[[ MATERIAL TO PROCESS, beginning ]]
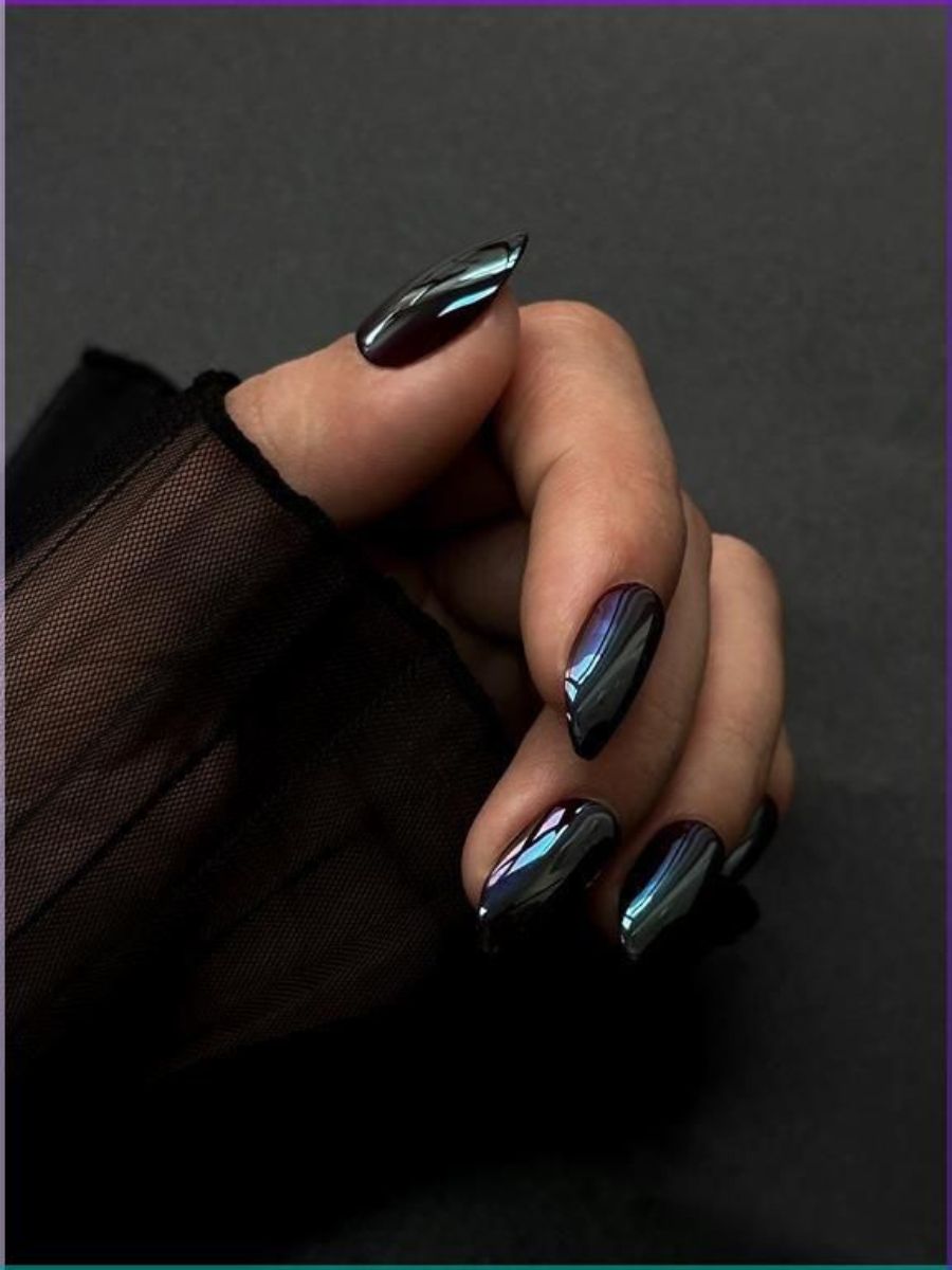 Pigmenții diferiți reacționează diferit la lumină. Un negru cu subton albastru va părea mai rece, în timp ce unul cu subton verde sau maro va părea mai cald. Poți ajusta lookul cu un top coat mat, care neutralizează subtonurile vizibile.
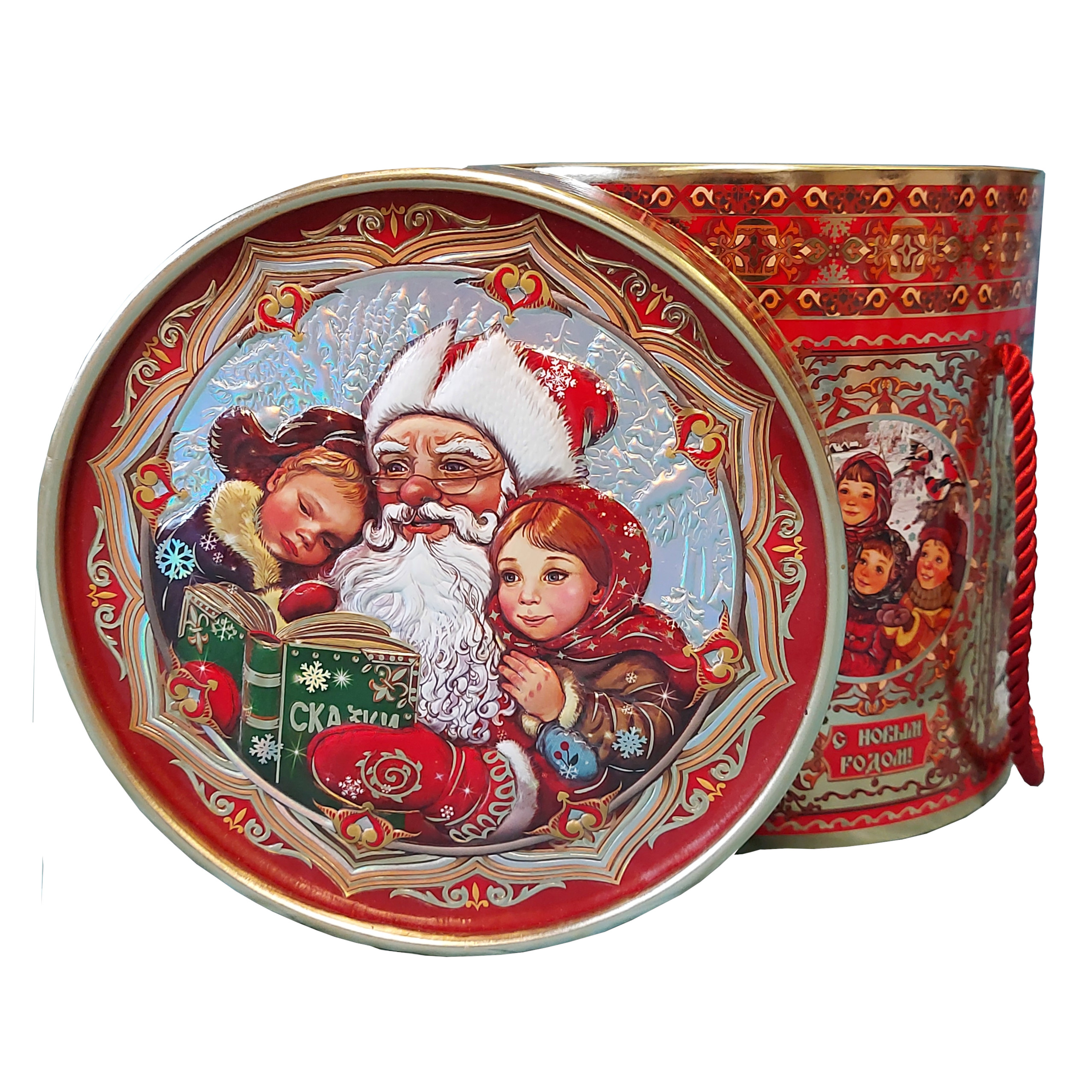 Роскошная туба с ретро-миниатюрами с круговым тиснением. На крышке изображен Дедушка Мороз в окружении детей. Тиснение на крышке золотом и радужным серебром и, как всегда, объёмный 3Д конгрев! Крышку тубы можно использовать в качестве настенной картины. Сюрприз внутри каждого подарка - игрушка тянучка гусь антистресс - компактная, приятная и гладкая на ощупь, до 9 см в длину, выполнена из технологичного и безопасного материала.
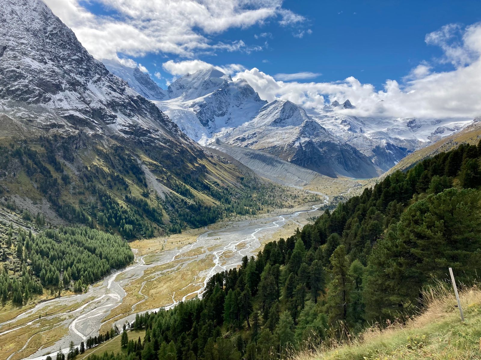 Frühstück gibt es im extra für uns gesperrten Ballsaal und es ist reichlich. Die Basisstation meldet für heute Niederschlag. Bei uns scheint die Sonne und so starten wir gut gelaunt Richtung Pontresina mit dem Auto und finden unseren Parkplatz direkt am Pumptrack. Während wir das Tal rausfahren ziehen dicke Wolken auf. Aber gut solange die kenianische Nationalmannschaft ihr Höhentraining weiter durchzieht kann es ja nicht so wild werden. Aber spätestens als sie uns mit einem Affenzahn wieder entgegenkommen beginnen wir der Wetterprognose aus Heidelberg zu glauben. Auch die Ebiker drehen an der letzen Hütte im Tal um während wir unsere Regenmontur anlegen. Nach einem kurzen Schreckmoment als Mark seinen Rucksack in Richtung des tosenden Flusses fallen lässt geht es weiter Richtung Talschluss. Der gewaltige Gletscher zeigt sich langsam während wir an perfekten riesigen Boulderblöcken vorbei auf zunehmend verblockteren Trails weiter aufsteigen. Der Regen nimmt zu und die Temperatur mit steigender Höhe stetig ab - klein und kurz vor dem Gletscher zeigt sich unsere Unterkunft in exponierter Lage - die Coaz Hütte.
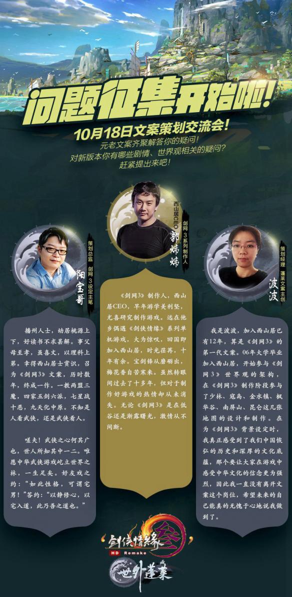 “鹰击长空,一梦蓬莱”《剑网3》全新资料片“世外蓬莱”即将开启,首轮测试开启在即,95级终极狂欢第二弹也将于即将上线》蓬莱剧情交流会也将于今晚20:00正式开启,届时将会通过全网进行直播!并由《剑网3》最初的剧情创作郭大侠、阳宝哥与波波带来蓬莱相关的精彩剧集,并对于侠士们所提出的部分问题进行解答。除此之外,万众瞩目的“大唐锦鲤”活动现已正式落幕,来自圣墓山的“大唐锦鲤”从63万人次中脱颖而出,让我们一同为这位幸运儿献上真挚的祝福!
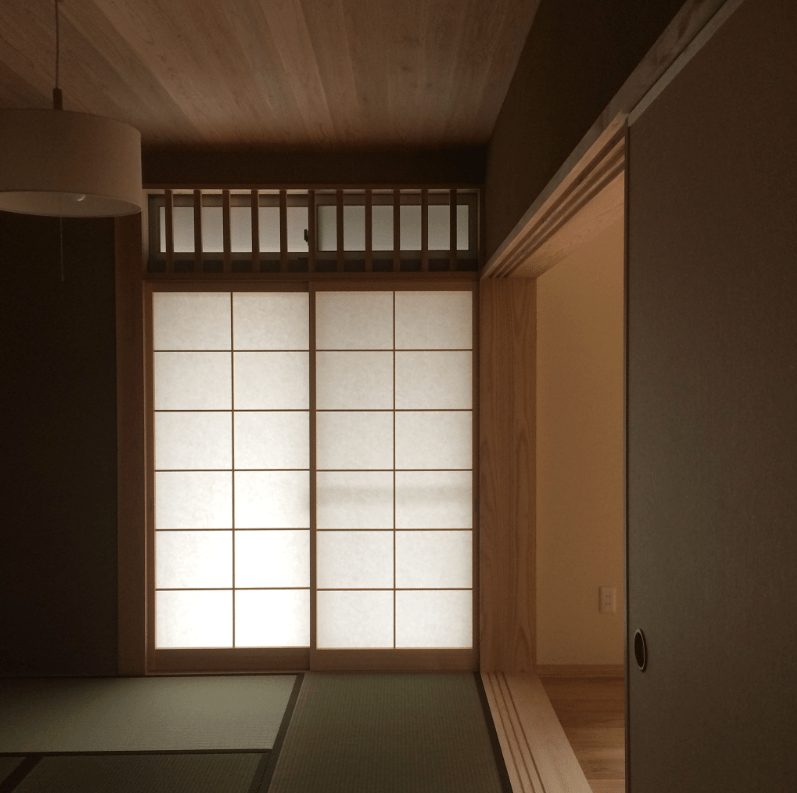1階の床は吉野杉赤身の上小板の厚板です。赤がとても美麗で上物の床板です。杉は、冬は温かみがあり夏は爽やかです。どの季節も手触り足触りがよく、小さなお子さまが寝ころびたくなる気持ちがよくわかります。
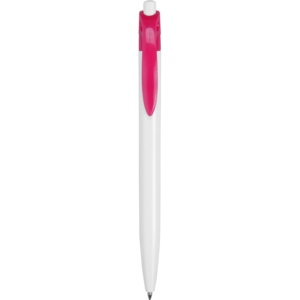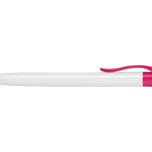 Стильная пластиковая ручка с ярким цветным клипом и белым корпусом отлично подойдет для нанесения логотипов и рекламной информации. Нажимной механизм.
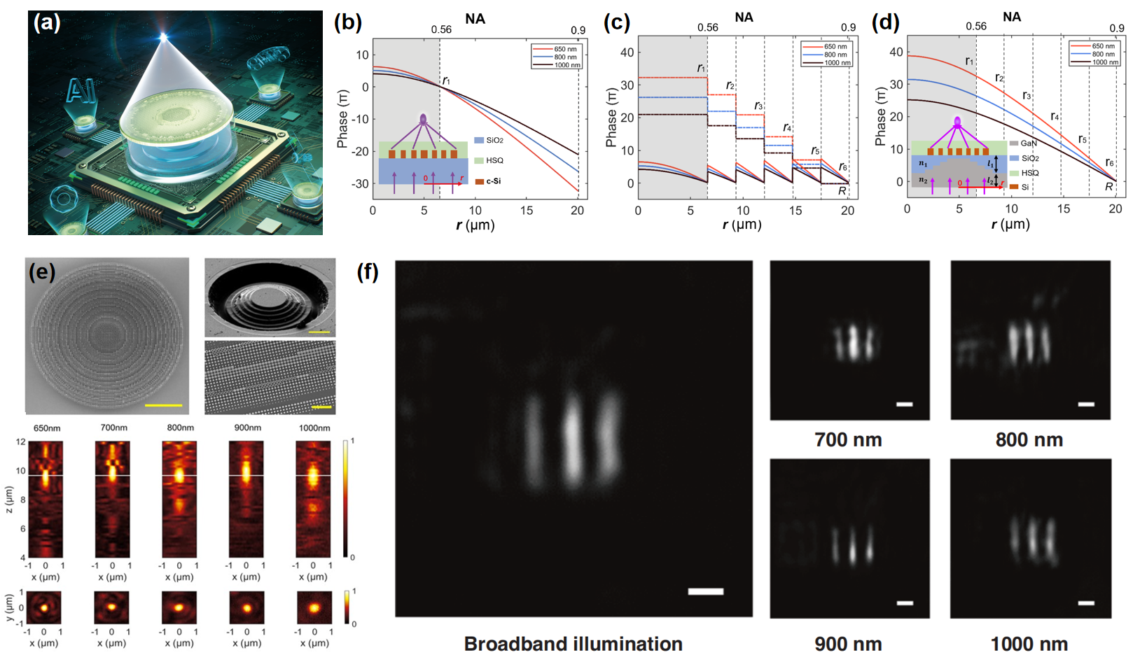 图1:“高大宽”消色差平面透镜的物理设计、器件特征、聚焦性能及成像性能
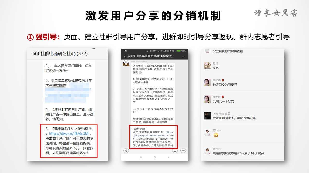 但是只是這樣是遠(yuǎn)遠(yuǎn)不夠的,裂變速度不夠快,所以我就想,怎么樣才能讓這些已經(jīng)進(jìn)群的人再幫我去做推廣呢?
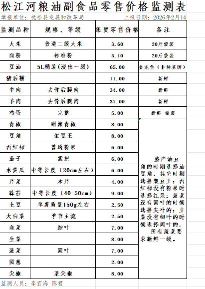 松江河粮油副食品零售价格监测表
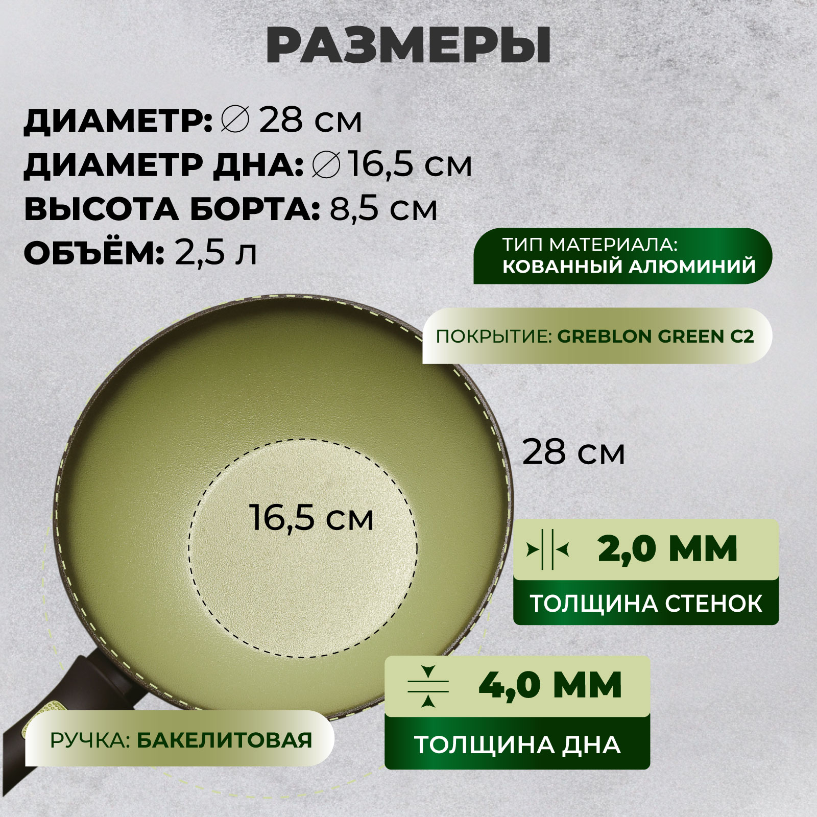 Покрытие внутреннее: Антипригарное Greblon green С2 (устойчивое к царапинам)
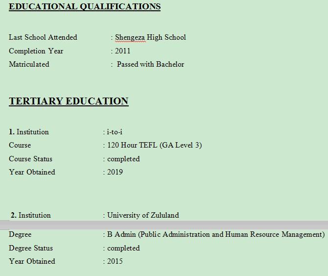 教育資格 最后就讀的學(xué)校:圣格薩高中 完成年份:2011年 錄取:通過(guò)學(xué)士學(xué)位 1.2019年8月至今。 雇主:創(chuàng)智可樂果英語(yǔ)兒童教育學(xué)校。 職位:英語(yǔ)老師 離職原因:仍在這里工作。
[[ MATERIAL TO PROCESS, end ]]
For this exercise, print all of the entries exactly as they appear, but without pictures.

TASK ANSWER:
 Pigmenții diferiți reacționează diferit la lumină. Un negru cu subton albastru va părea mai rece, în timp ce unul cu subton verde sau maro va părea mai cald. Poți ajusta lookul cu un top coat mat, care neutralizează subtonurile vizibile.
 Роскошная туба с ретро-миниатюрами с круговым тиснением. На крышке изображен Дедушка Мороз в окружении детей. Тиснение на крышке золотом и радужным серебром и, как всегда, объёмный 3Д конгрев! Крышку тубы можно использовать в качестве настенной картины. Сюрприз внутри каждого подарка - игрушка тянучка гусь антистресс - компактная, приятная и гладкая на ощупь, до 9 см в длину, выполнена из технологичного и безопасного материала.
 Frühstück gibt es im extra für uns gesperrten Ballsaal und es ist reichlich. Die Basisstation meldet für heute Niederschlag. Bei uns scheint die Sonne und so starten wir gut gelaunt Richtung Pontresina mit dem Auto und finden unseren Parkplatz direkt am Pumptrack. Während wir das Tal rausfahren ziehen dicke Wolken auf. Aber gut solange die kenianische Nationalmannschaft ihr Höhentraining weiter durchzieht kann es ja nicht so wild werden. Aber spätestens als sie uns mit einem Affenzahn wieder entgegenkommen beginnen wir der Wetterprognose aus Heidelberg zu glauben. Auch die Ebiker drehen an der letzen Hütte im Tal um während wir unsere Regenmontur anlegen. Nach einem kurzen Schreckmoment als Mark seinen Rucksack in Richtung des tosenden Flusses fallen lässt geht es weiter Richtung Talschluss. Der gewaltige Gletscher zeigt sich langsam während wir an perfekten riesigen Boulderblöcken vorbei auf zunehmend verblockteren Trails weiter aufsteigen. Der Regen nimmt zu und die Temperatur mit steigender Höhe stetig ab - klein und kurz vor dem Gletscher zeigt sich unsere Unterkunft in exponierter Lage - die Coaz Hütte.
 “鹰击长空,一梦蓬莱”《剑网3》全新资料片“世外蓬莱”即将开启,首轮测试开启在即,95级终极狂欢第二弹也将于即将上线》蓬莱剧情交流会也将于今晚20:00正式开启,届时将会通过全网进行直播!并由《剑网3》最初的剧情创作郭大侠、阳宝哥与波波带来蓬莱相关的精彩剧集,并对于侠士们所提出的部分问题进行解答。除此之外,万众瞩目的“大唐锦鲤”活动现已正式落幕,来自圣墓山的“大唐锦鲤”从63万人次中脱颖而出,让我们一同为这位幸运儿献上真挚的祝福!
1階の床は吉野杉赤身の上小板の厚板です。赤がとても美麗で上物の床板です。杉は、冬は温かみがあり夏は爽やかです。どの季節も手触り足触りがよく、小さなお子さまが寝ころびたくなる気持ちがよくわかります。
 Стильная пластиковая ручка с ярким цветным клипом и белым корпусом отлично подойдет для нанесения логотипов и рекламной информации. Нажимной механизм.
 图1:“高大宽”消色差平面透镜的物理设计、器件特征、聚焦性能及成像性能
 但是只是這樣是遠(yuǎn)遠(yuǎn)不夠的,裂變速度不夠快,所以我就想,怎么樣才能讓這些已經(jīng)進(jìn)群的人再幫我去做推廣呢?
 松江河粮油副食品零售价格监测表
 Покрытие внутреннее: Антипригарное Greblon green С2 (устойчивое к царапинам)
 教育資格 最后就讀的學(xué)校:圣格薩高中 完成年份:2011年 錄取:通過(guò)學(xué)士學(xué)位 1.2019年8月至今。 雇主:創(chuàng)智可樂果英語(yǔ)兒童教育學(xué)校。 職位:英語(yǔ)老師 離職原因:仍在這里工作。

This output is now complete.